PRELOAD (1 cycle): rd_en=1, clr_in=1. The SRAM sees rd_addr=0 with oe=1
and will output data[0] on the next cycle. clr_in=1 enters gemm’s delay lines —
it will reach PE(i,j) after i+j cycles, exactly when that PE’s first valid data arrives.
RUNNING (K cycles): valid_in=1, rd_en=1 for cycles 0..K-2, rd_en=0 on cycle
K-1 (last beat). The final rd_en=0 forces the SRAM to capture zero at the last
RUNNING posedge, so DRAIN cycle 0’s SRAM output is zero — no extra beat accumulates.
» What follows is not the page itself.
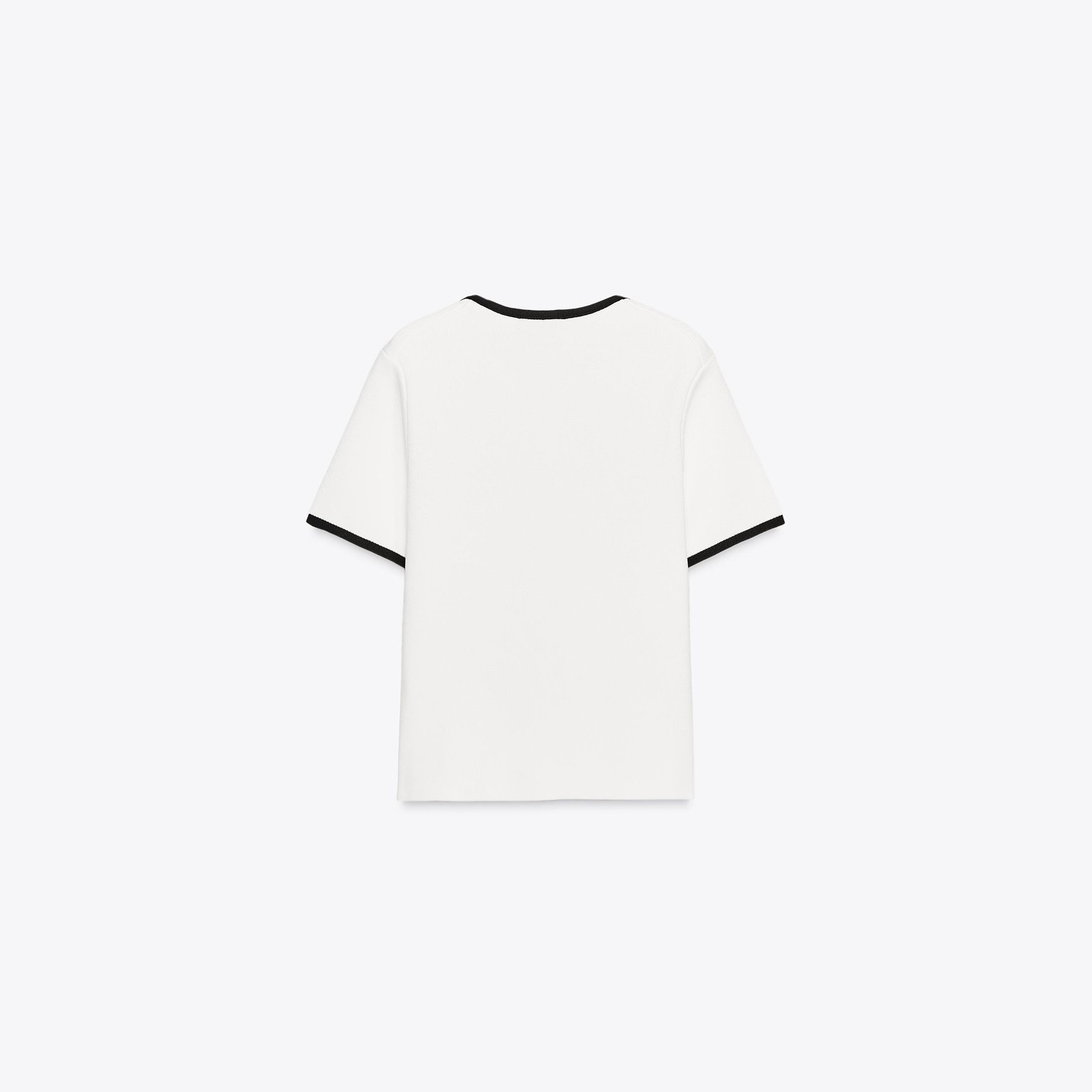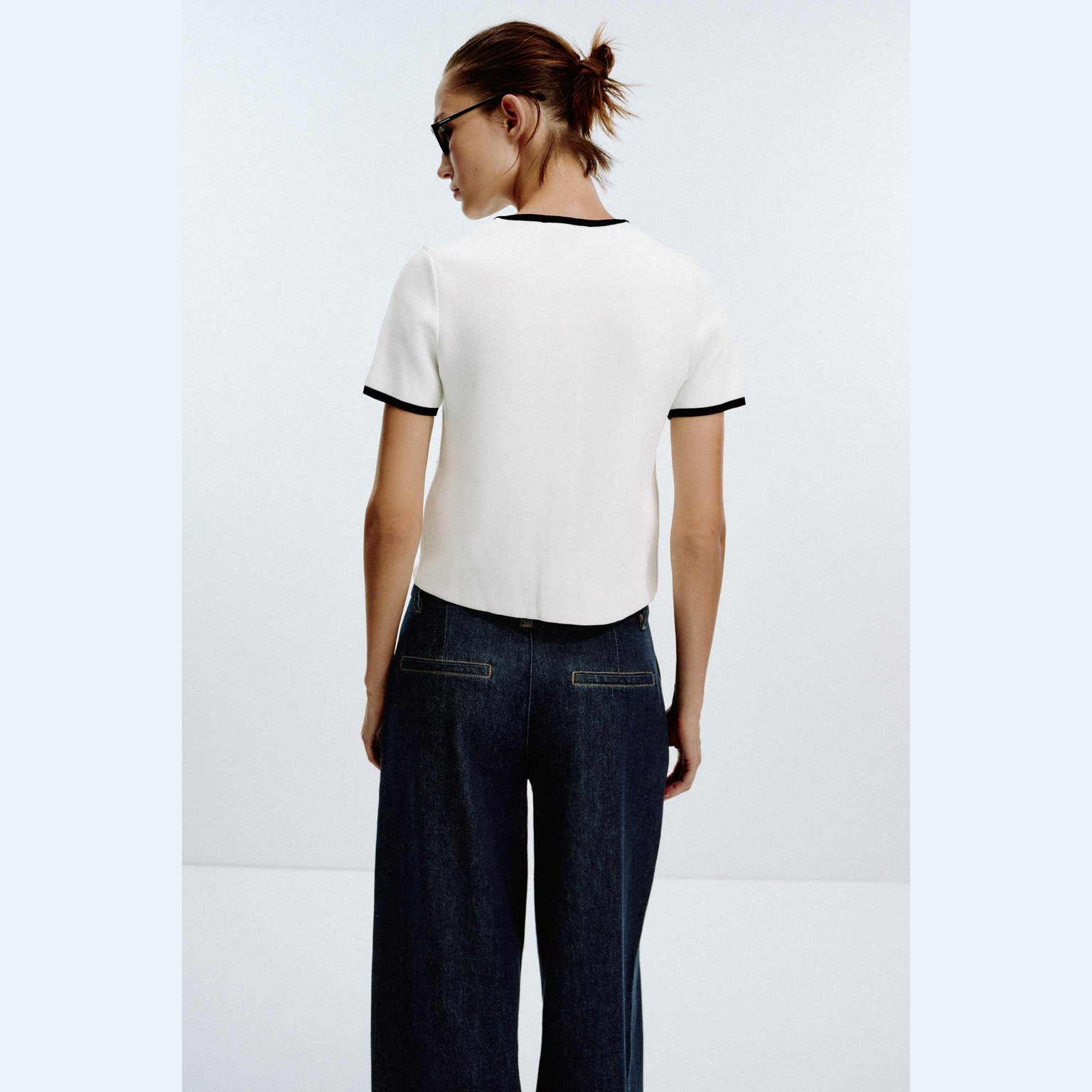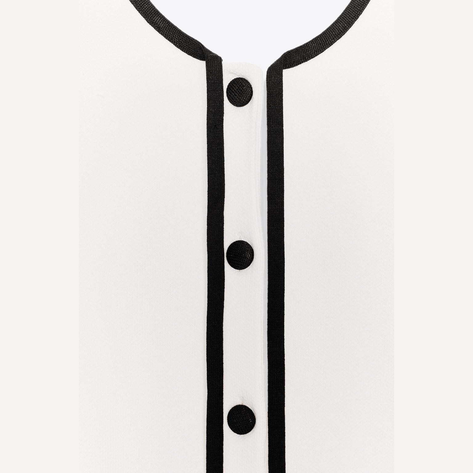 كارديغان محبوك بتفاصيل متباينة – لون طبيعي (أبيض) – White (Cardigan with Contrast Trims) كارديغان أنيق بلون أبيض طبيعي، مصنوع من خامة محبوكة عملية تمنح راحة وملمسًا ناعمًا، مع تصميم قصير الأكمام مزود بياقة مستديرة وجيوب أمامية عملية. يتميز بتفاصيل متباينة على الحواف وأزرار أمامية للإغلاق، مما يمنح لمسة عصرية أنيقة. قطعة مثالية للتنسيقات اليومية الكاجوال الأنيقة أو كطبقة خفيفة في المواسم الانتقالية.

DRAIN (MIN_GAP cycles): valid_in=0. Wavefront drains. flip_en pulses on
gap_cnt=0 (first drain cycle) so the host can immediately start loading the new shadow
bank for the next tile. The host load window is T_tile = K + MIN_GAP cycles.
CAPTURE_WAIT: waits for done from gemm. done is a registered output inside
gemm, so it arrives 1-2 cycles after DRAIN ends. The FSM spins here until done=1.
CAPTURE (1 cycle): asserts out_we. This is delayed 1 cycle in the wrapper
(out_we_r) so output_buf sees the stable gemm.c_out value.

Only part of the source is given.